Goodbye, George

September 4, 2021


It’s been forty-eight hours and George hasn’t stopped cleaning. My ears are still ringing from all the vacuuming. I don’t think he’s stopped in here more than a couple of times, only to ask if I’d like my water glass refilled.


I’m not sure how I should feel. Medical professionals can only aide a person so much. They’re there to offer you support – distanced help, specifically. Brochures and lists of available support groups. It’s always struck me as ironic that when doctors hand you a bundle of brochures, none of them are for marriage counseling.


Most must assume that most marriages are strong enough to take such devastating news. But is that really true? If it were, George wouldn’t be manically cleaning the house. He’d be in here, sitting in comfortable silence with me.

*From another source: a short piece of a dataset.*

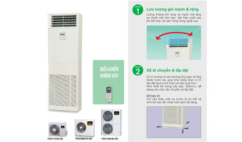 Điều hòa cây Mitsubishi Heavy FDF140CSV-S5/FDC140CSV-S5 1 Chiều 48000Btu thuộc dòng điều hòa thương mại dàn nóng được sản xuất ở Thái Lan và dàn lạnh được sản xuất ở China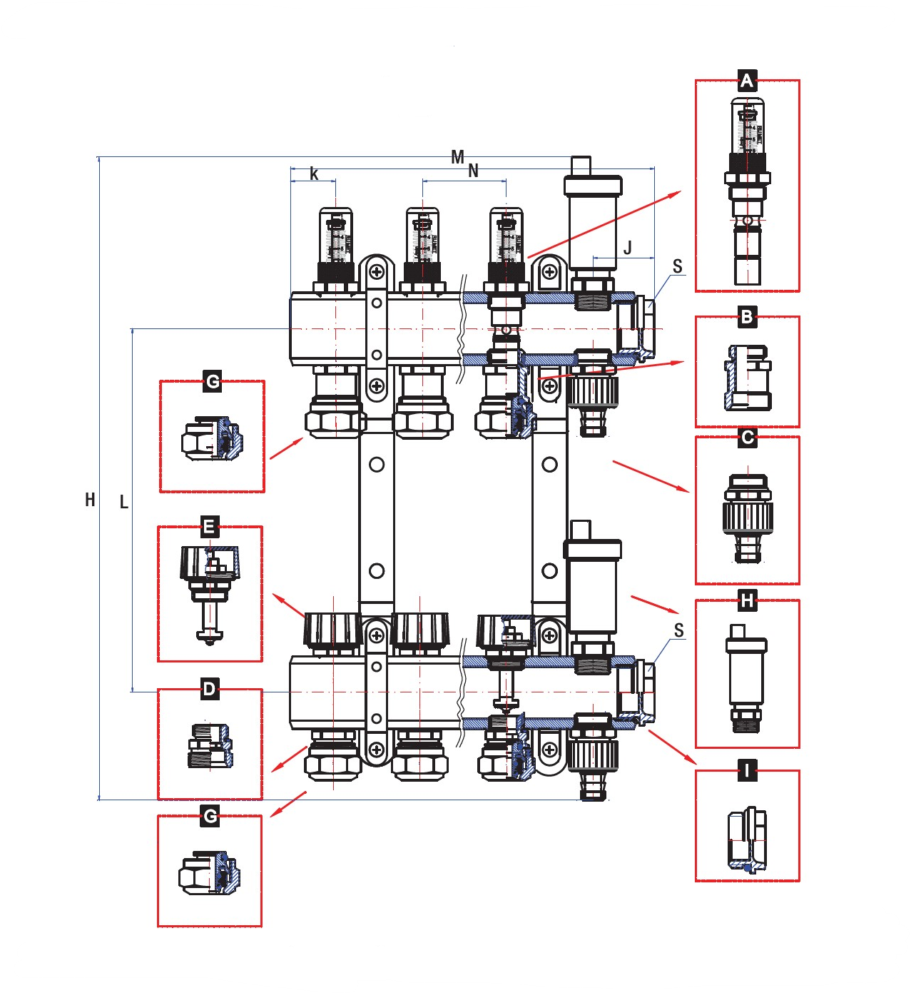 Rozdzielacz ogrzewania RUMET 71E 9 obwodowy

We could lay here together the same way we did when I was twenty-two and we suffered our first miscarriage. I remember he and I laid here in this very bed and allowed the day to pass without so much as a word spoken between us. It was exactly what I needed. I didn’t need him to say anything to me then, and I don’t need him to speak now.


I just need him to lay here beside me. But I’m afraid that he can’t. The devastation that came when we lost our son was unimaginable. Yet George never wavered. We weren’t going to have our son, but we were still going to have each other. He found solace in that. It gave him strength.


The same cannot be said this time around. It is inevitable. I am going to die and leave George here alone. So as annoyed with him as I am right now, stomping around downstairs with the mop bucket, I understand what he’s doing.


He isn’t ready yet. He’s distracting himself. He’s not emotionally prepared to look at me, knowing this time next year this bedroom will be empty. He’s protecting himself from the inevitable pain. As much as his actions are hurting me, I forgive him.


I forgive him, because I love him.


I will miss him. I’ll miss the way he burned the hotdogs on the grill, and the quiet snoring he made when he slept in his chair. I’ll miss holding his chapped hands under the sheets before falling asleep. I’ll miss going and picking out Christmas cards together at the local five and dime shop.


I’m heartbroken that we won’t make it to our forty-eighth anniversary.


Our life replays over inside my mind, each memory making me laugh, and cry. It’s bittersweet in the best way and it leaves me with only one remaining thought:


I’m going to miss my best friend terribly.